Hungarians have made up their minds that they do not want to see illegal immigrants in Hungary, Prime Minister Viktor Orbán has said.
“Nobody can oblige Hungary” to give up its position on migration, the prime minister said during his regular Kossuth Radio interview on Friday.
He added that “you can corner a government or deliver a gut punch to it” but it cannot be done to a whole nation.
PM Orbán insisted that “record high” participation in the government’s latest nationwide public survey means that “a whole nation is looking for ways to support its position of denying entry to people of a different culture or civilization”.
PM Orbán also responded to recent criticism of the country’s stance on immigration and urged German politicians to “leave us alone and not involve us in their election campaign”. Hungary has always respected Germans and “we expect them to respect us, too,” he said.
“What we want is a Hungarian Hungary and a European Europe … we won’t participate in experiments aimed at changing Hungary or Europe, in which Europe’s cultural traditions would be swept aside to be replaced by a mixture of other cultures, religions and worldviews, allowing masses to enter without control,” PM Orbán said.

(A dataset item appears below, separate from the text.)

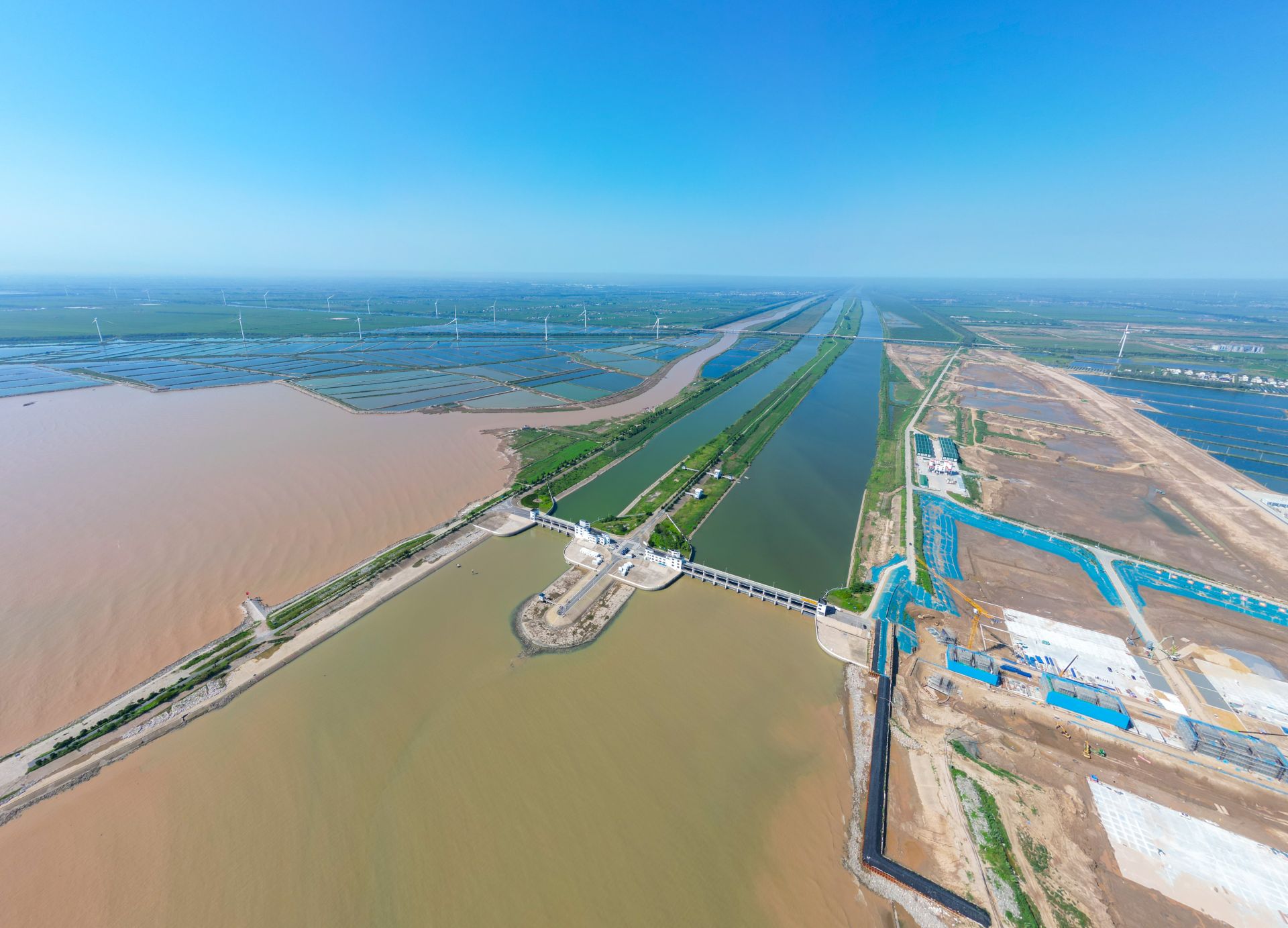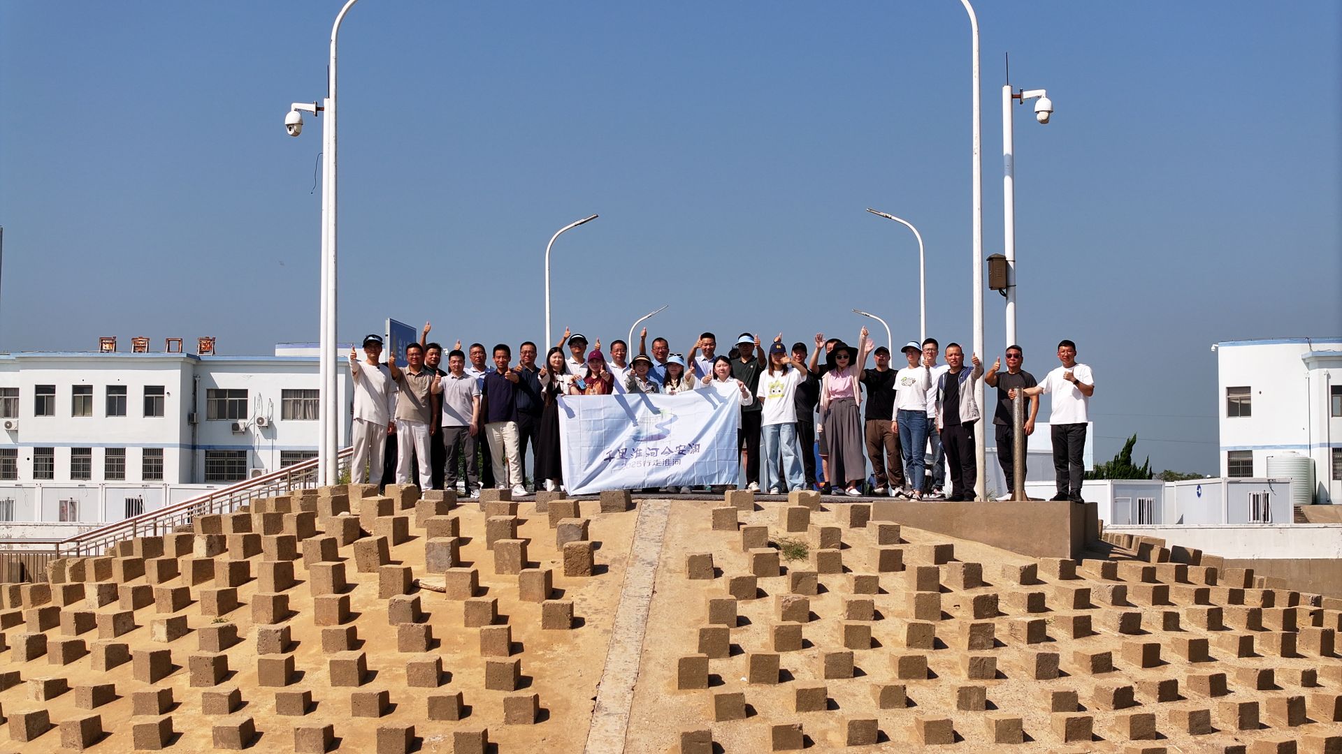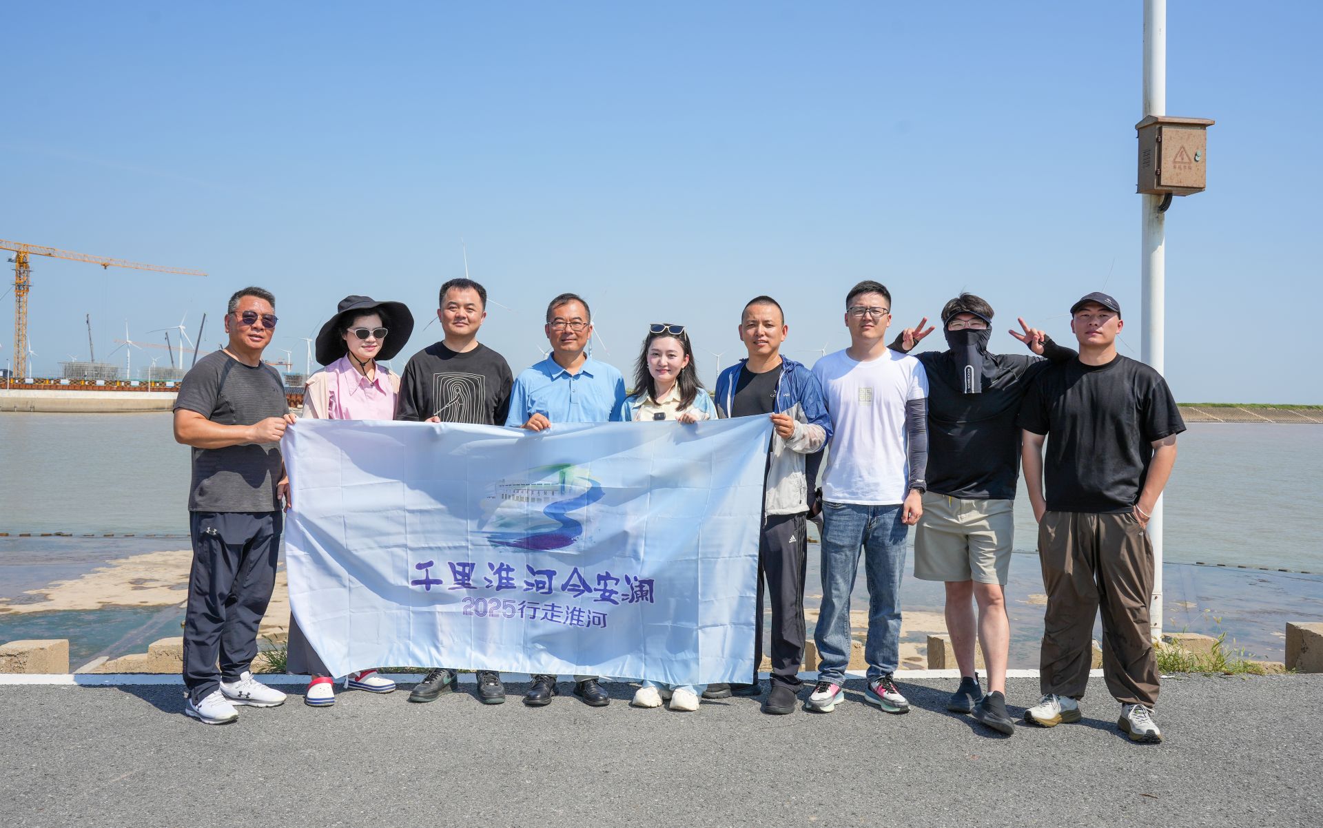 2025年“千里淮河今安澜·行走淮河”网络主题宣传活动采访团来到盐城市滨海县淮河入海水道二期工程现场采访

The prime minister also commented on the United States’ criticism of Hungary’s recent civil organizations law, the prime minister said that the United States’ taking up a position on the matter was an “interesting venture” in the light of that country’s “brutally stringent” rules on organizations receiving support from abroad. He insisted that the new Hungarian legislation was “polite and delicate” compared to US regulations. “It is inconceivable why one would be reluctant to declare a donation once they were not shy to accept it,” he added.
Referring to groups planning a boycott of the civil organizations law, PM Orbán said that the law applies to all civil groups.
PM Orbán also noted that 2018 will bring about wage hikes in many different sectors. “We will be in a better position than we are in this year,” the prime minister said, and pointed to rising employment and the increasing number of taxpayers as well as measures to promote childbirth.